Building a Sim for a New Game Year
- Define game piece properties — shape, mass, radius, bounce via
GamePieceConfig.Builder - Generate the field collision mesh — see below
- Configure the chassis — mass, dimensions via
ChassisConfig.Builder - Write the SimManager — initialize MapleSim + sim-core, run the sim loop, publish telemetry
- Add scoring zones — sensor geoms at scoring locations, register with
ScoringTracker - Add mechanism bridges — connect subsystem state to intake zones and launch parameters
Use RebuiltSimManager as the reference implementation.
Generating the Field Collision Mesh
The sim needs an OBJ file that defines the field’s collision surfaces (walls, ramps, hubs, etc.). We use FEDS Bot to generate a Python script that outputs the OBJ from hardcoded field dimensions. See robot/2026-rebuilt/src/main/resources/generate_field.py for the 2026 example.
The workflow:
- Write a prompt asking for a Python script to generate this year’s field collision mesh. Include field details — both manually written descriptions and references from the game manual.
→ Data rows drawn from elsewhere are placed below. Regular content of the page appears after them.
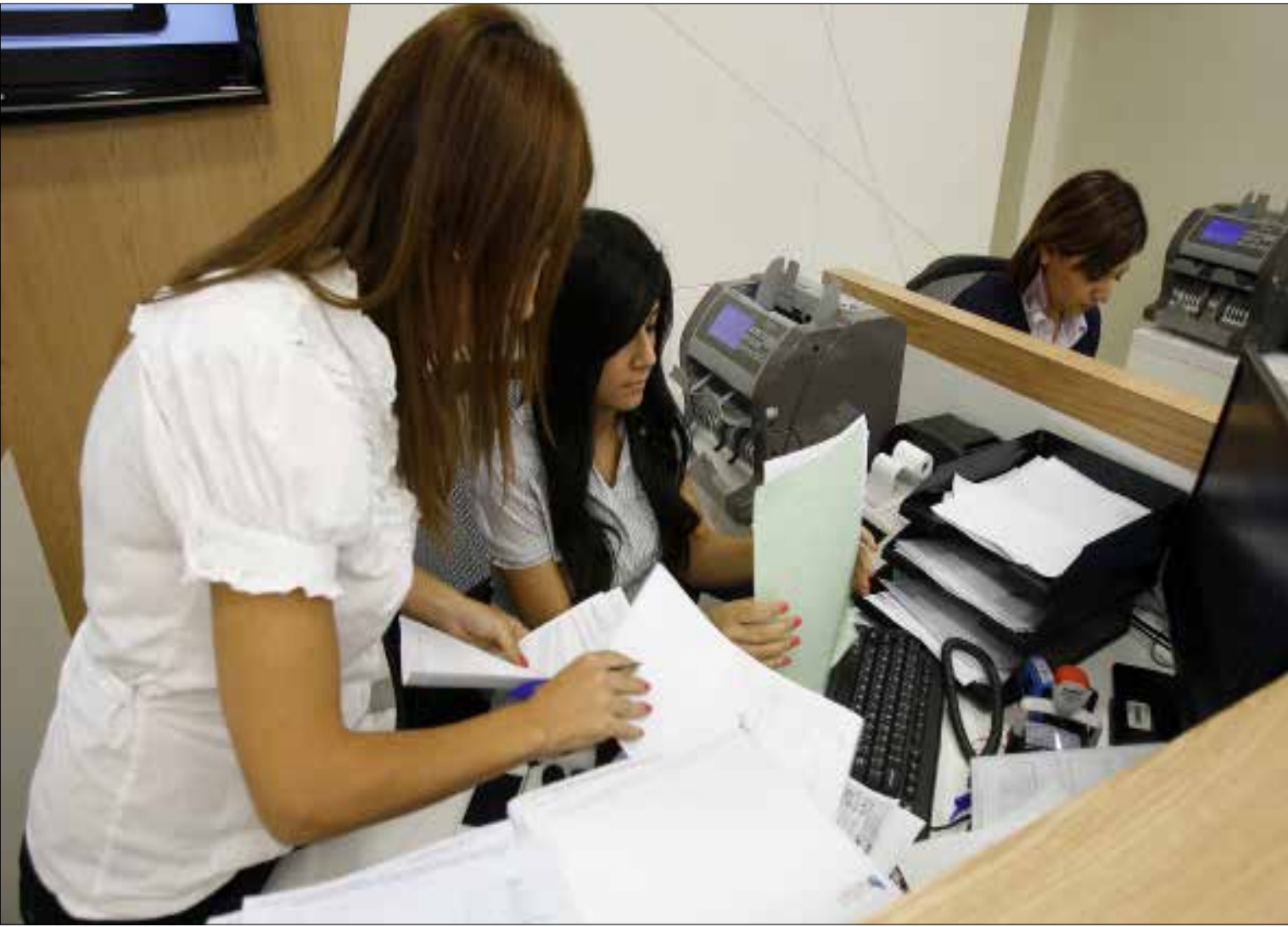
الارباح التي تحضرها المصارف نتيجة غياب المساواة في الأجر تبلغ 3 مليار و565 مليون و215 ألف ليرة سنوياً (مروان طحطح)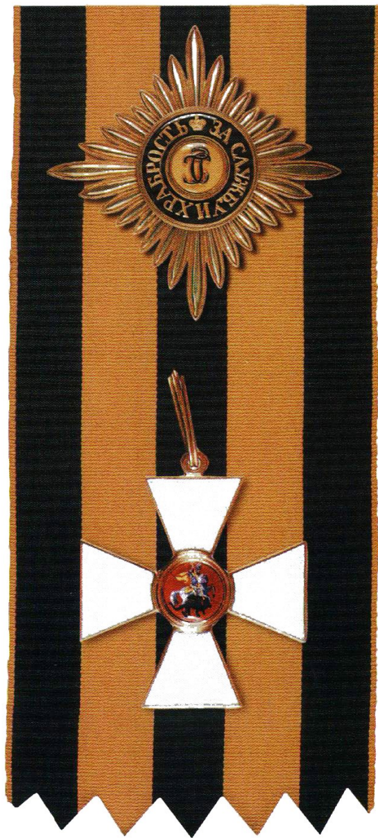
Звезда и знак ордена Святого Георгия I степени

Орден Святого Георгия — высшая военная награда Российской Федерации. Статут ордена утвержден Указом Президента РФ от 8 августа 2000 г. № 1463. Орден был учрежден Екатериной II 26 ноября 1769 г. Восстановлен 2 марта 1992 г.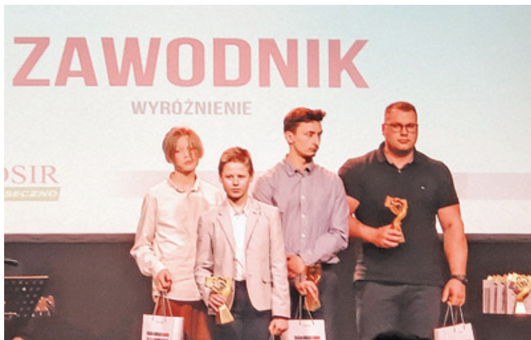
Statuetki otrzymali przedstawiciele różnych dyscyplin sportu

– Śmiało możemy powiedzieć, że Gmina Piaseczno jest gminą sportową. Nie tylko ze względu na nakłady i infrastrukturę sportową, ale również ze względu na działalność naszych klubów sportowych, indywidualne sukcesy zawodników i trenerów – powiedziała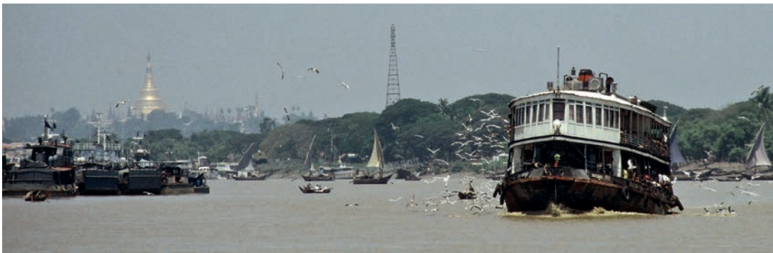
Abb. 1 Rangun 1988: Eine Fähre durchquert das Hafengebiet, in dem noch eine Vielzahl geruderter und gesegelter Sampans unterwegs ist. Im Hintergrund leuchtet, wie zur Zeit der Kapitänswfrau Rosenberger, die Spitze der Shwedagon-Pagode.

Die Fahrt auf der überfüllten Fähre dauerte etwa 45 Minuten. Das war genug Zeit für die Betreiber der fliegenden Teeküchen, für die Imbisshändler und Lotterielosverkäufer an Bord, um Geschäfte zu machen. Man sah Mönche, Bettler und einfache Menschen vom Lande neben westlich gekleideten Burmesen. Ganze Familien hatten es sich an Deck bequem gemacht, und die Frauen und Mädchen zeigten ihr typisch burmesisches Tanaka-Make-up. Auffallend war, dass die Gesichter der Menschen hier ernster, nicht so heiter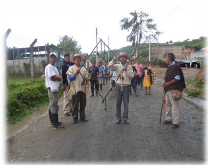
POSESION DE CABILDOS 2013

Todos muy pendientes de ubicarse para el desfile inicio a las 9:15 a.m. el llamado por sedes para salir por las principales calles de la población de Caldono, los guardias y las autoridades se colocaron en la parte de adelante del desfile, realizando un rombo con sus chontas, la cual simbolizaba el equilibrio y pensamiento del Nasnasa.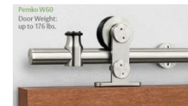
Pemko W50 Door Weight: up to 176 lbs.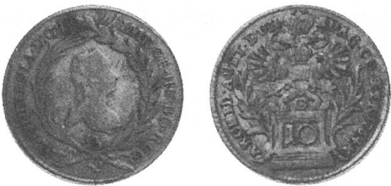
a) Österreich 1764, Kopf Maria Theresias

Diese sind von gleichem Aussehen wie die 20-Kreuzer-Stücke, waren aber weniger häufig im Umlauf. Sie wurden auch als halbe Kopfstücke bezeichnet. Die aufgeprägte Zahl 10 hatte im Gebiet des 24 Guldenfusses auch keine Gültigkeit, die Stücke kursierten in Schaffhausen für 12 Kreuzer.

See the 2026 prompt as an example.
- Give the prompt to FEDS Bot (make sure you’ve added the new game manual PDF to
./game-manuals/first so it has context). - Save the generated script to
robot/20XX-GAMENAME/src/main/resources/generate_field.py - Run it — it produces
field_collision.obj - Visually inspect the OBJ at 3dviewer.net , then load it in the sim and drive around in AdvantageScope — verify that obstacles line up with the visual field
- If something’s off, go back to FEDS Bot to tweak the script and repeat from step 3
Keep field OBJ meshes simple. Every triangle is a collision surface. 500 triangles is fine. 50,000 will destroy your frame rate.
Troubleshooting
Robot doesn’t move: Check that the sim GUI shows “Enabled” in “Teleop”. Make sure a controller or keyboard is connected.
Balls fall through the floor: Verify PhysicsWorld has gravity enabled and the OBJ mesh loaded without errors.
Balls tunnel through walls: Adaptive sub-stepping should prevent this. If it happens, the launch velocity may exceed the 0.1m sub-step threshold.
ClassNotFoundException: frc.sim.core.PhysicsWorld: sim-core isn’t on the classpath. In settings.gradle:
include ':sim-core'
project(':sim-core').projectDir = new File(settingsDir, '../sim-core')And in build.gradle:
implementation project(':sim-core')Slow performance: Check active piece count. Default wake radius (1.5m) should keep it under 30. Also make sure you ran the mesh simplify script.
Encoder mismatch: Check MapleSim gear ratios match the physical robot config.